* TASK PROMPT: From the entries, copy each line that includes "entre".

* PROVIDED DATA:

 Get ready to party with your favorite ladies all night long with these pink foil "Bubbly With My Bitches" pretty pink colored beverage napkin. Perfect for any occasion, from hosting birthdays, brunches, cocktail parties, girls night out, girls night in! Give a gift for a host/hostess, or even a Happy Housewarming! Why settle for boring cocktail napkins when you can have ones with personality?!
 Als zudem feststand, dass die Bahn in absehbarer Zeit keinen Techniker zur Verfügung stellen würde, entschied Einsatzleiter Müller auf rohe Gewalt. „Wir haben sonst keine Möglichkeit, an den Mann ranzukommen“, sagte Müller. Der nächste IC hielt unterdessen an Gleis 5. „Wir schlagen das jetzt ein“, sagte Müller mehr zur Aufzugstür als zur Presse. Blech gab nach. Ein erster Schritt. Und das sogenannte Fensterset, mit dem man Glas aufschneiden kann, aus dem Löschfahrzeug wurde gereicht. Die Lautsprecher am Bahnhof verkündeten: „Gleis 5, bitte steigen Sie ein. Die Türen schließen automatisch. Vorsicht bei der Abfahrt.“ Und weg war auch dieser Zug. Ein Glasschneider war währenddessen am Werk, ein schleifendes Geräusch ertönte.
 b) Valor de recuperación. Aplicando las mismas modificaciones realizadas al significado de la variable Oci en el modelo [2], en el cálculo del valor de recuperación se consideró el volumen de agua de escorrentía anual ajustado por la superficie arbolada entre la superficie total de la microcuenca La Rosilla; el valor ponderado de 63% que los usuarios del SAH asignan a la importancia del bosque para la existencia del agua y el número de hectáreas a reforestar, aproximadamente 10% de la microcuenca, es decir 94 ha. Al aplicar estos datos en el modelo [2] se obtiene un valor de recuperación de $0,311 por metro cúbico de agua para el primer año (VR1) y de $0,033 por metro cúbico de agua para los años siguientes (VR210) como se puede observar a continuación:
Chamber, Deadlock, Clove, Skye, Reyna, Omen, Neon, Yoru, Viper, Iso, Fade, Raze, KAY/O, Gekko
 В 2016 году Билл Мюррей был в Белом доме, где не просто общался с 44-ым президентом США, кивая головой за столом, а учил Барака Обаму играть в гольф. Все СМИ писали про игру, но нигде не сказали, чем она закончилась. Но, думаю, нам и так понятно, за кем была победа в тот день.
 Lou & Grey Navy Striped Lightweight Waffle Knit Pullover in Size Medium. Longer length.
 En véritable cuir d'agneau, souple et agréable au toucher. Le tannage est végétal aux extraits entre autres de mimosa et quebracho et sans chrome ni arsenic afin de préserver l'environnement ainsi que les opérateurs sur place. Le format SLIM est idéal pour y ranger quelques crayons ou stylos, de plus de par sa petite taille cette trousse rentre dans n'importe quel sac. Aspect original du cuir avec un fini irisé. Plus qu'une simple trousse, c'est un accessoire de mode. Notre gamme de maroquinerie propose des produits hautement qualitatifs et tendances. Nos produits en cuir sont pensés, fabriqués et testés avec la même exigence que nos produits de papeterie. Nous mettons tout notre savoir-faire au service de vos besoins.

* RESULT BELOW:
 b) Valor de recuperación. Aplicando las mismas modificaciones realizadas al significado de la variable Oci en el modelo [2], en el cálculo del valor de recuperación se consideró el volumen de agua de escorrentía anual ajustado por la superficie arbolada entre la superficie total de la microcuenca La Rosilla; el valor ponderado de 63% que los usuarios del SAH asignan a la importancia del bosque para la existencia del agua y el número de hectáreas a reforestar, aproximadamente 10% de la microcuenca, es decir 94 ha. Al aplicar estos datos en el modelo [2] se obtiene un valor de recuperación de $0,311 por metro cúbico de agua para el primer año (VR1) y de $0,033 por metro cúbico de agua para los años siguientes (VR210) como se puede observar a continuación:
 En véritable cuir d'agneau, souple et agréable au toucher. Le tannage est végétal aux extraits entre autres de mimosa et quebracho et sans chrome ni arsenic afin de préserver l'environnement ainsi que les opérateurs sur place. Le format SLIM est idéal pour y ranger quelques crayons ou stylos, de plus de par sa petite taille cette trousse rentre dans n'importe quel sac. Aspect original du cuir avec un fini irisé. Plus qu'une simple trousse, c'est un accessoire de mode. Notre gamme de maroquinerie propose des produits hautement qualitatifs et tendances. Nos produits en cuir sont pensés, fabriqués et testés avec la même exigence que nos produits de papeterie. Nous mettons tout notre savoir-faire au service de vos besoins.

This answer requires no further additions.